For realsies

When All the Mulch is Gone May 26, 2012

I was at our friendly neighborhood mega mulch mart a couple of weeks ago, and it appeared as though I had somehow missed some universal homeowner memo requiring the purchase of multiple bags of mulch.  Do Homeowner Associations mandate this sort of thing? Are the color options limited? One can only hope that the red stuff is a violation.

I did start to get a little worried about the prospect of a time when the mulch bags run out, when all that is left is a ripped bag of the maxi bark chunks the size of a bar of Ivory soap.  It is 2012, after all.

I remember a time when only a tiny minority mulched their landscapes (or even referred to their yards as “landscapes”–those were pictures above the couch), and most of them used white pebbles, and strategically planted skinny tufts of grass amidst the stones at random intervals, presumably intended to create a sense of whimsical informality.  It was a God-awful time in landscape history.
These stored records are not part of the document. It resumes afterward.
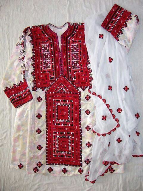 A sample of red and white embroidered clothes.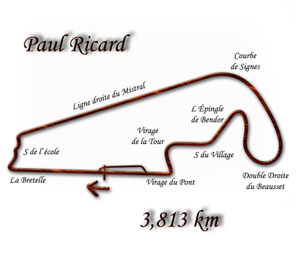 French Grand Prix - 1989 - 1990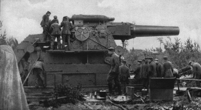 Gamma-gerät cannon in action. This was the railway-transported, concrete-emplaced predecessor to the Big Bertha German 420-mm howitzer of World War I.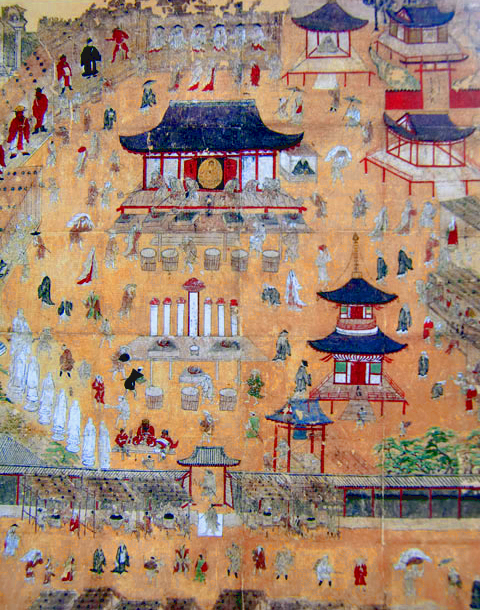 Chinkoji Sankei Mandala, Rokudo Chinkoji, Kyoto, Japan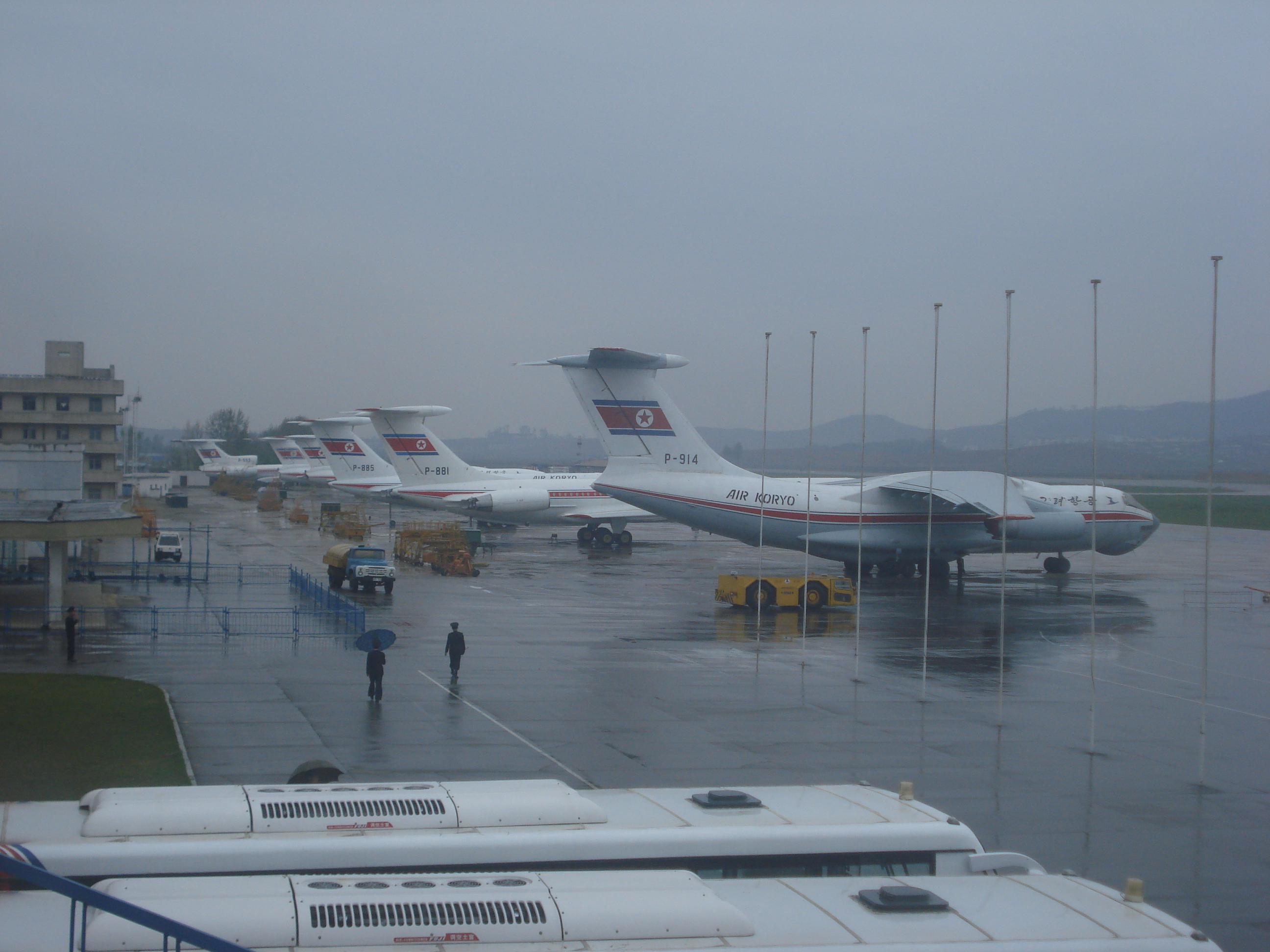 Air Koryo aircraft at Pyongyang ramp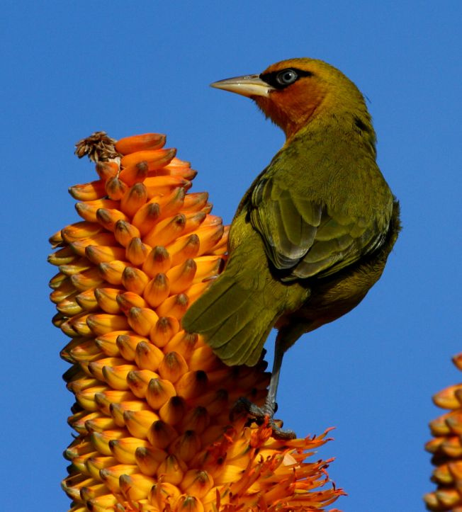 An adult female Spectacled Weaver in Umhlanga, KwaZulu-Natal, South Africa.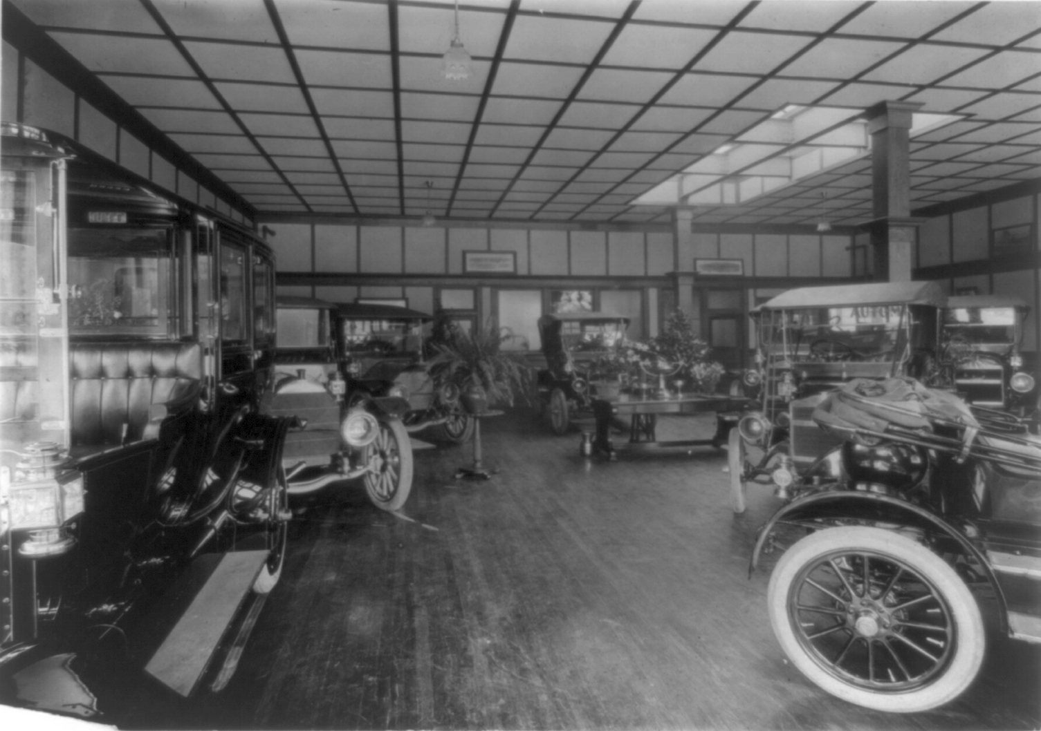 Maxwell Briscoe show room. Room showing Maxwell automobiles, and wallboard manufactured by The Beaver Co.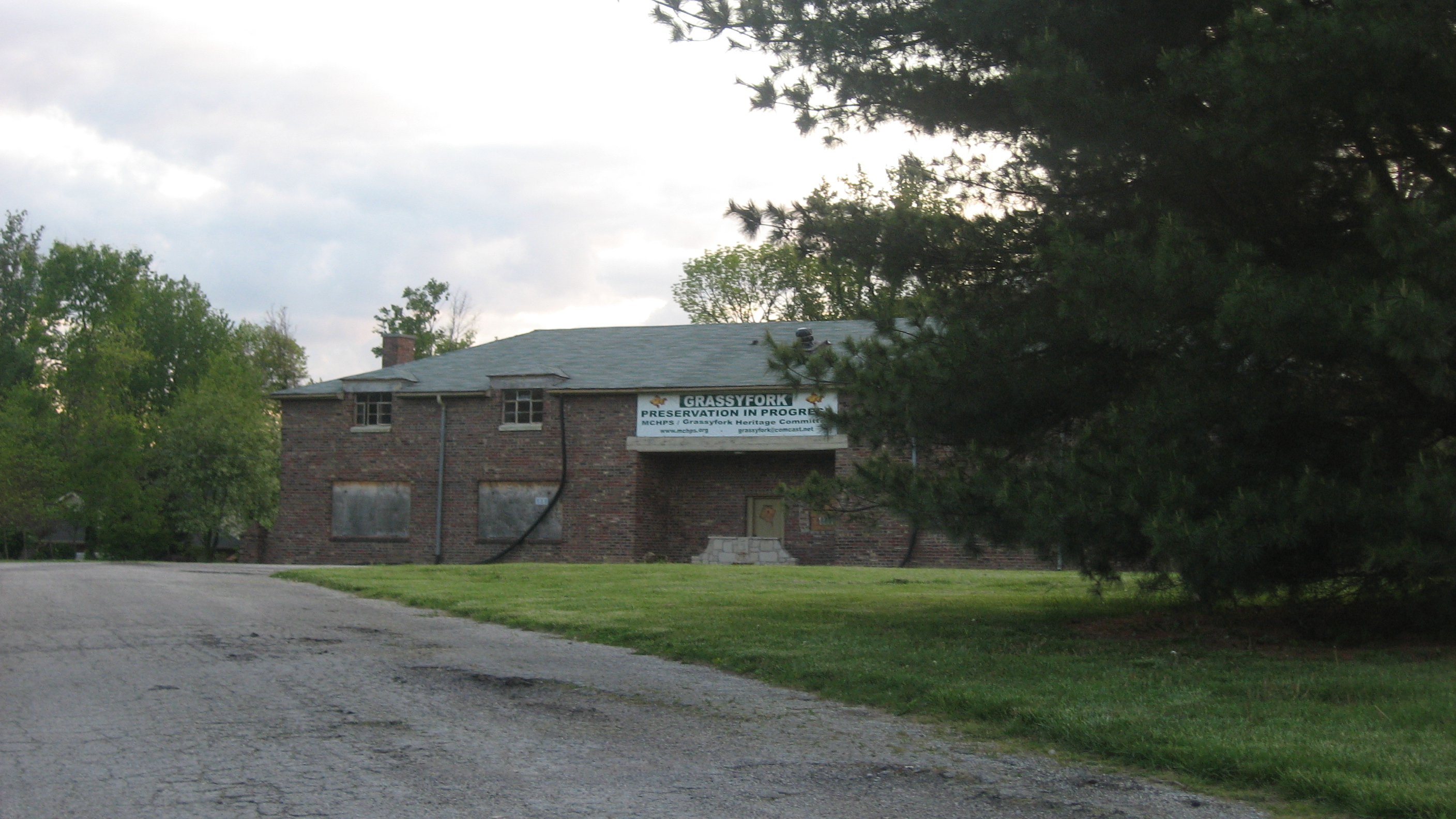 Front of the administration building at Grassyfork Fisheries Farm No. 1, located at 2902 E. Morgan Street near Martinsville in Washington Township, Morgan County, Indiana, United States. Built in 1936, it is a core part of the fish farm, which has been designated a historic district and listed on the National Register of Historic Places.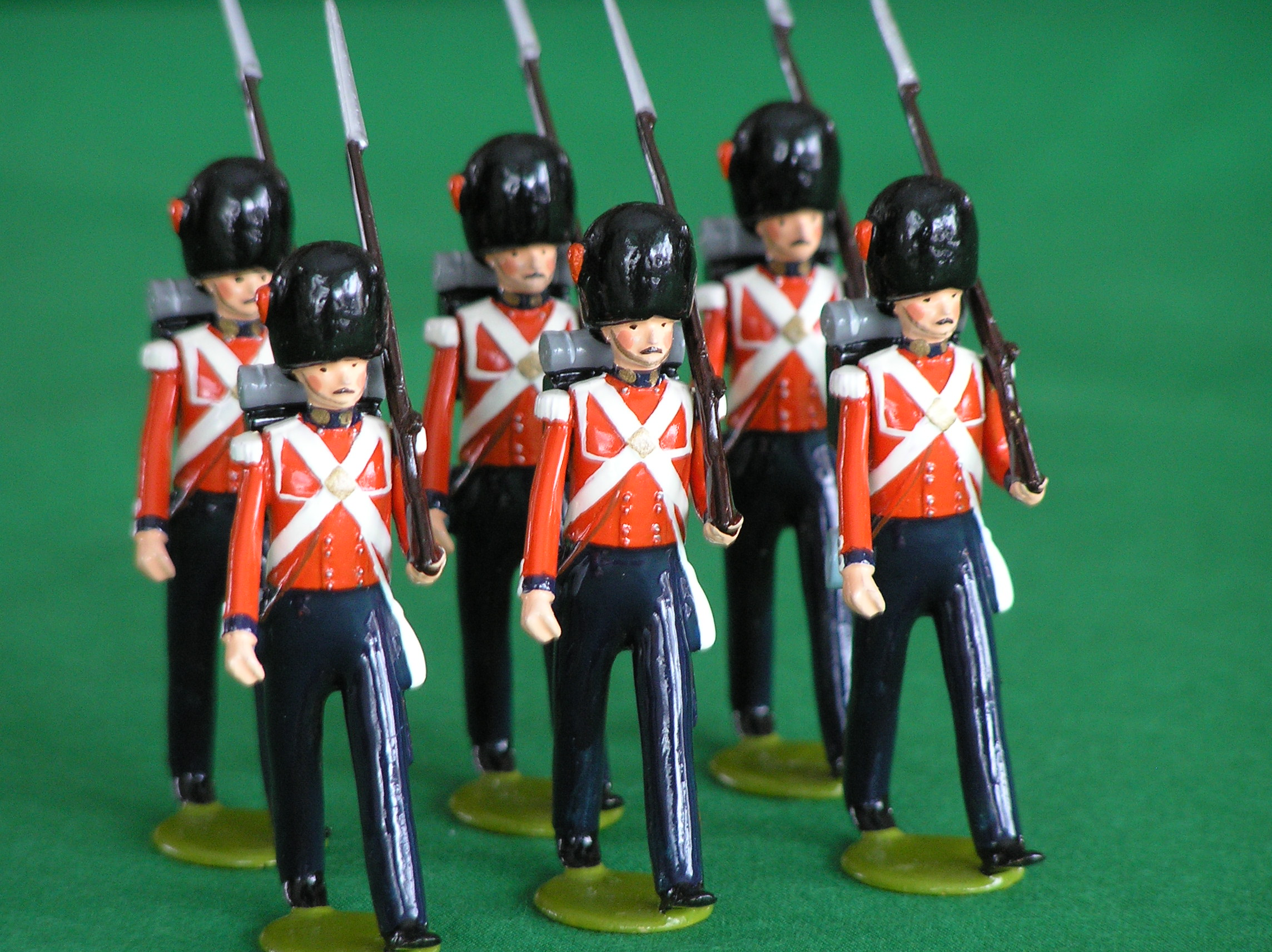 54mm Toy Soldiers representing the British Coldstream Guards during the Crimean War era by Imperial Productions, Greytown, New Zealand. Photo by J. Corey Butler, 2005.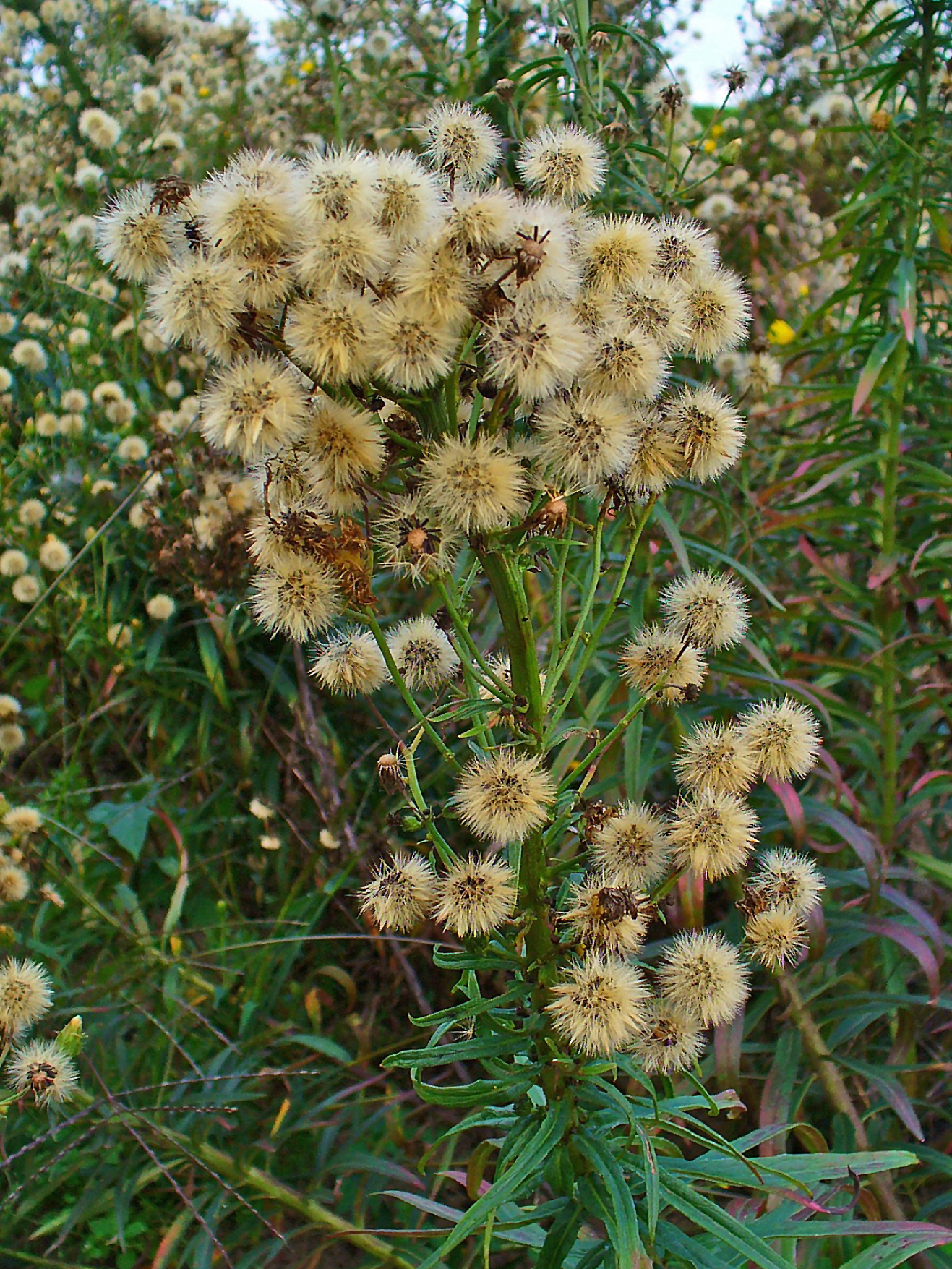 Hieracium umbellatum, Asteraceae, Narrowleaf Hawkweed, infrutescences. The plant is used in homeopathy as remedy: Hieracium umbellatum (Hier-u.)

No, I am not a Geritol customer, but I have what may be a disproportionate awareness of the past of my parents.  I think it is safe to say that folks who have early memories of the Great Depression and WWII tend to be less vigorous mulchmasters than, for instance, Reagan era Young Republicans.  Granted, it takes a darned spritely octogenarian to spread more than a cut off half-gallon milk jug full of mulch, but it’s more than that. Much, much more. It has been suggested in some academic circles that the rise of the mulch nation and its obsession with putting freshly colored stuff on top of everything may, in fact, have been a tribute to Reagan’s own ever-youthful hair color.  Will this man’s contributions ever cease to amaze? I know.

This all begs the sobering question: what will you do when the mulch runs out? Are you prepared to live without it? Or will you be among the numbers shredding dining room furniture?



4 Responses to “When All the Mulch is Gone”

  1. rackofribs Says:

    But dining room chair mulch would be without the telltale natural mulch scent, strongly reminiscent (in my opinion) of vomit. I’m going to start a furniture shredding movement pronto. Get Pottery Barn on the horn!

    • peachyteachy Says:

      Brilliant! But we will have to be careful to guard against the eventuality of them spraying the shreds with vomit, out of a sentimental attachment to the aroma and to spraying stuff on mulch.

  2. seejaytoo Says:

    Shredded recycled tires? They don’t smell nearly as good as the cocoa bean shell mulches–like you’ve been gardening at Willie Wonka’s. But if we’re going with something we have in abundance that we like the smell of…guess I’m going with discarded wine corks.

    • peachyteachy Says:

      I have heard the mythology about the cocoa hulls and their lovely chocolateyness. But the wine cork mulch? Oh, man, inspiration. Quick, take a picture and get that puppy up on Pinterest!